*WHAT IS BEING ASKED*
An exact transcription is needed of the lines below from the one with "CX511Traditional 10-Inch High-Polished" through the one with "巴布豆女童春秋薄款卫衣2026新款儿童卡通上衣洋气时髦女孩打底衫", with no other lines and no pictures.

*SOURCE MATERIAL*
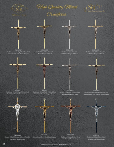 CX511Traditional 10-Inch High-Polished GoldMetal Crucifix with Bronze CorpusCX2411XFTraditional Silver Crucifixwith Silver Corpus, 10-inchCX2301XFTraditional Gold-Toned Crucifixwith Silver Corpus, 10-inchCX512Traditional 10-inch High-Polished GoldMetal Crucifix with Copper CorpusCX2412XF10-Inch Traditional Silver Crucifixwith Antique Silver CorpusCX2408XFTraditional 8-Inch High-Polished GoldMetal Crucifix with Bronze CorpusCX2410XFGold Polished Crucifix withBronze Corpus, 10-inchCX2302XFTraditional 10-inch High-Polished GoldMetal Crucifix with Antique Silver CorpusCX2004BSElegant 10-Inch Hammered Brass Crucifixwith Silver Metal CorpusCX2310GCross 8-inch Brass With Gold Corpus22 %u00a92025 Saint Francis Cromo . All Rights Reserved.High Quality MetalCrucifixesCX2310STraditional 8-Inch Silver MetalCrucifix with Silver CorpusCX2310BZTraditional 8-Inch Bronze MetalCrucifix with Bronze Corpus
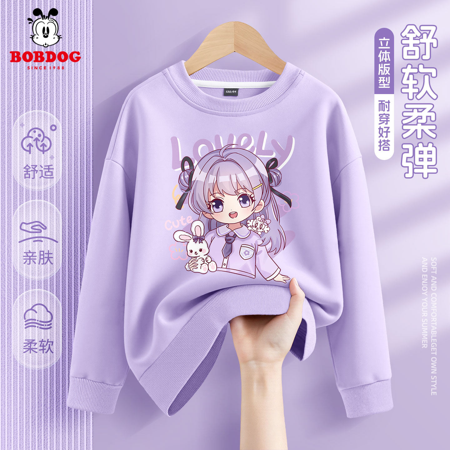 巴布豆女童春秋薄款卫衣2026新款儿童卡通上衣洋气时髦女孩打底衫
* * *
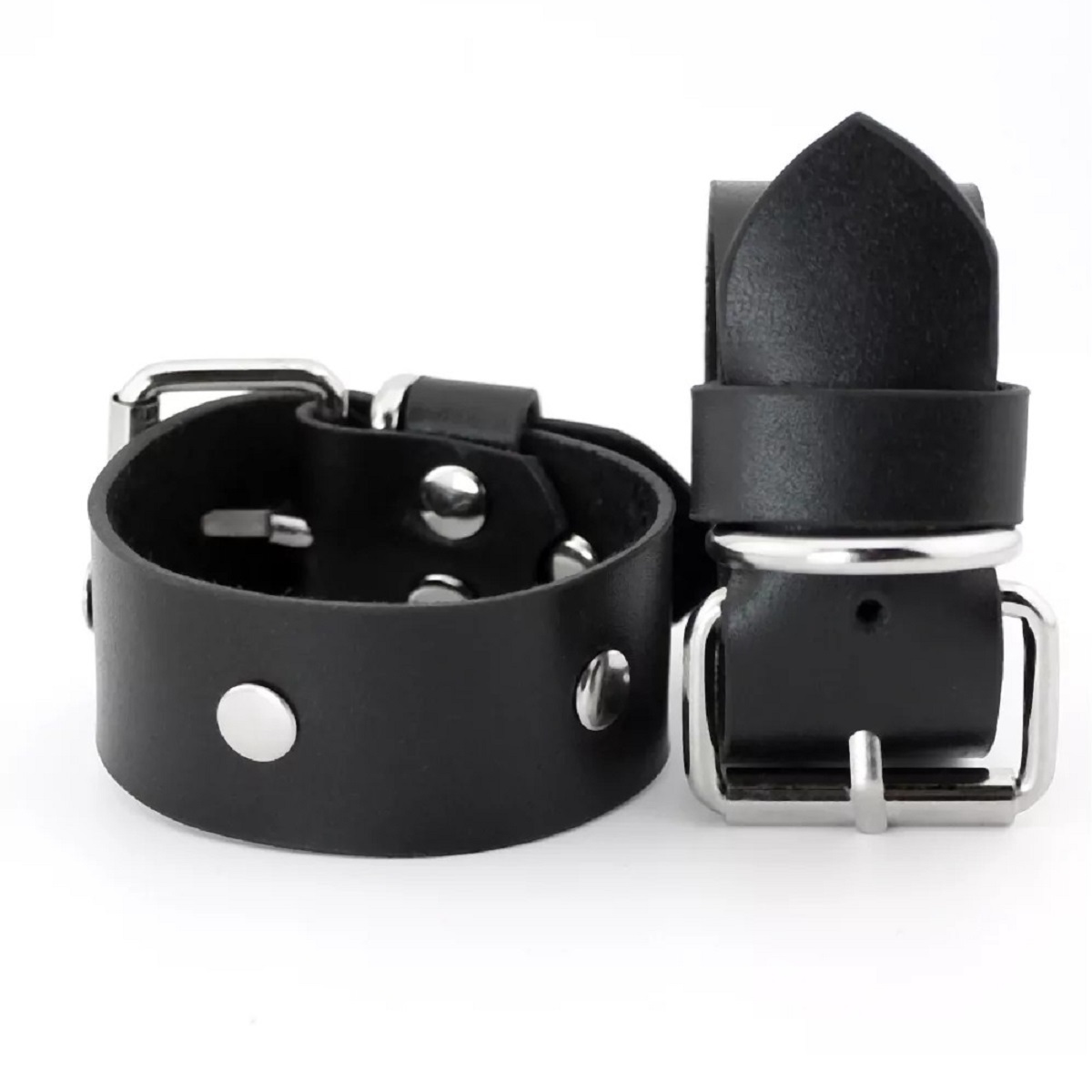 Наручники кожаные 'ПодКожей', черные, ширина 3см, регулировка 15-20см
---
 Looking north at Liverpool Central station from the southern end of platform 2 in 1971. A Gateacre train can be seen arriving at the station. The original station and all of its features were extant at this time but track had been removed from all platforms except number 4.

*SOLUTION FOR THIS EXERCISE*
 CX511Traditional 10-Inch High-Polished GoldMetal Crucifix with Bronze CorpusCX2411XFTraditional Silver Crucifixwith Silver Corpus, 10-inchCX2301XFTraditional Gold-Toned Crucifixwith Silver Corpus, 10-inchCX512Traditional 10-inch High-Polished GoldMetal Crucifix with Copper CorpusCX2412XF10-Inch Traditional Silver Crucifixwith Antique Silver CorpusCX2408XFTraditional 8-Inch High-Polished GoldMetal Crucifix with Bronze CorpusCX2410XFGold Polished Crucifix withBronze Corpus, 10-inchCX2302XFTraditional 10-inch High-Polished GoldMetal Crucifix with Antique Silver CorpusCX2004BSElegant 10-Inch Hammered Brass Crucifixwith Silver Metal CorpusCX2310GCross 8-inch Brass With Gold Corpus22 %u00a92025 Saint Francis Cromo . All Rights Reserved.High Quality MetalCrucifixesCX2310STraditional 8-Inch Silver MetalCrucifix with Silver CorpusCX2310BZTraditional 8-Inch Bronze MetalCrucifix with Bronze Corpus
 巴布豆女童春秋薄款卫衣2026新款儿童卡通上衣洋气时髦女孩打底衫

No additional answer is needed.